The momentum building around these works will be evidenced this coming August when members of two professional organizations—Theatre for Young Audiences USA and American Alliance for Theatre and Education—come together in Lexington, Ky., for the first large-scale event of their Dramatic Change initiative, a multi-year commitment to exploring ways theatre can address bullying. The initiative was kick-started last May with a manifesto resolving “to tackle the epidemic of bullying in all its complexity, in ways that only the theatre arts can.” A daylong series of events will precede AATE’s annual conference and include a keynote performance by Omaha’s Pride Players. Lexington Children’s Theatre’s Kisling, the conference coordinator, says that the goal of the initiative is to “advocate for civility, provide resources and create a national dialogue.”

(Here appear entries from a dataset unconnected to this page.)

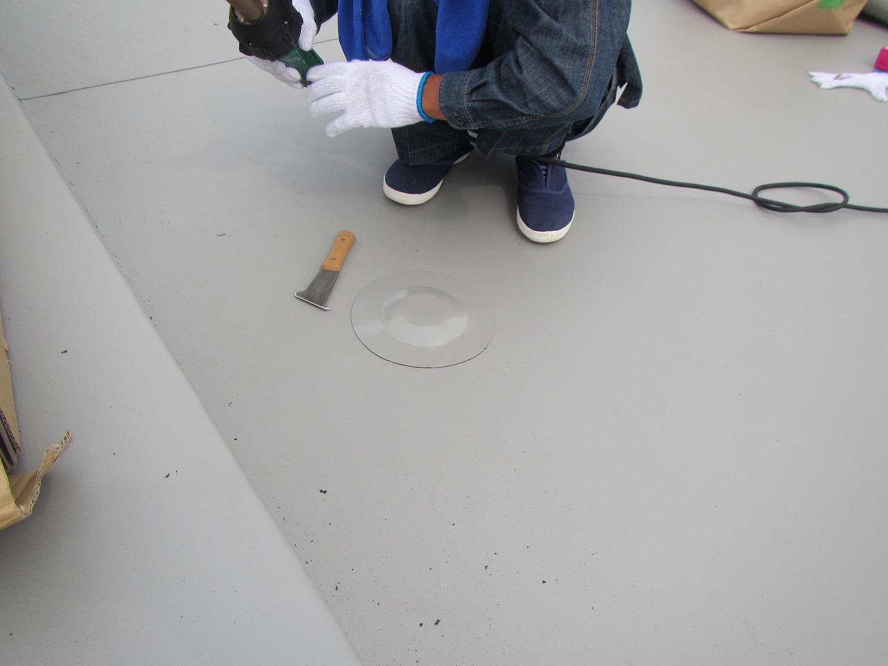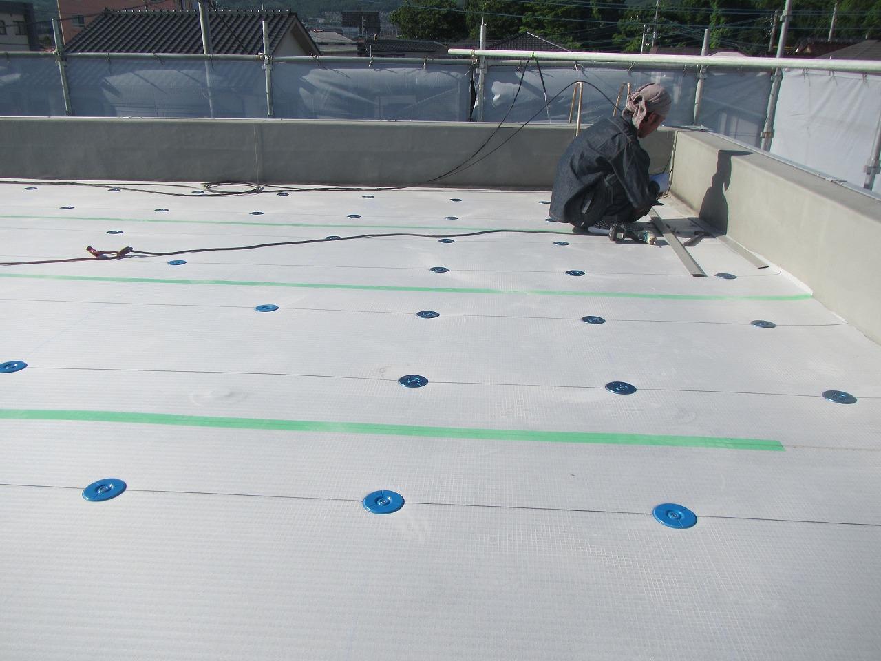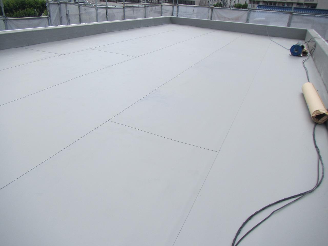 内部工事と並行して、外部工事の方は防水工事を行っています!塩ビシートを使ったシート防水です!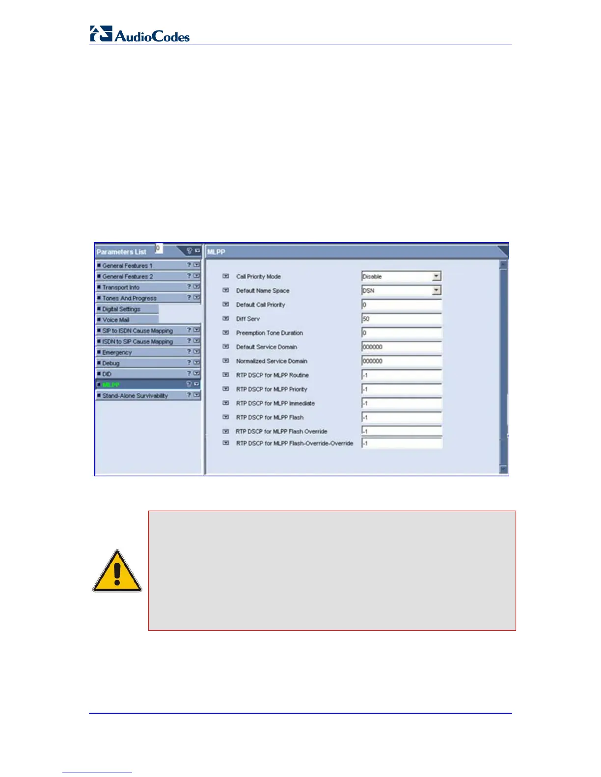 4. Configure the MLPP parameters as required.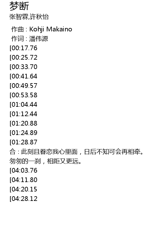 | [04:59.94][04:28.12] | 因心知你一去梦更远 |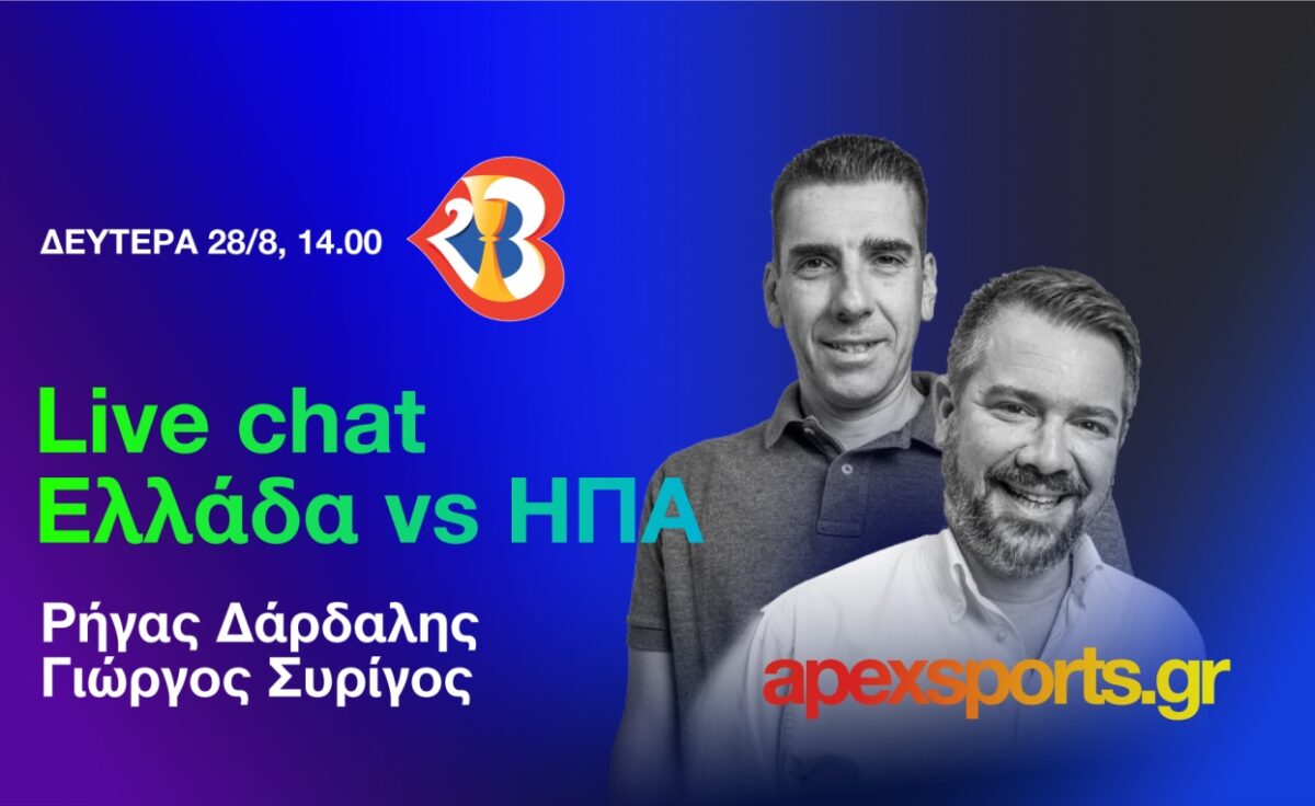 Γιώργος Συρίγος και Ρήγας Δάρδαλης σας περιμένουν στο live chat του apexsports.gr ενόψει του ματς της Εθνικής μας με τις ΗΠΑ για το Παγκόσμιο Κύπελλο. Περίπου δύο ώρες πριν το crash test της Ελλάδας με τους Αμερικανούς (15:40), ο Γιώργος Συρίγος και ο Ρήγας Δάρδαλης απαντούν στις ερωτήσεις σας για την παρουσία της «επίσημης αγαπημένης» …

When Rock Lobster’s Aaron receives his diploma at his high school graduation, the principal refuses to shake his hand. This stage moment illustrates that putting an end to bullying doesn’t just involve changing teens’ behavior; it requires a change in the cultural climate tolerated both in and out of schools. This season’s plays remind us that bullying will continue as long as prejudice and discrimination dominate our national landscape.
Sharon L. Green is an associate professor of theatre at Davidson College, in Davidson, N.C.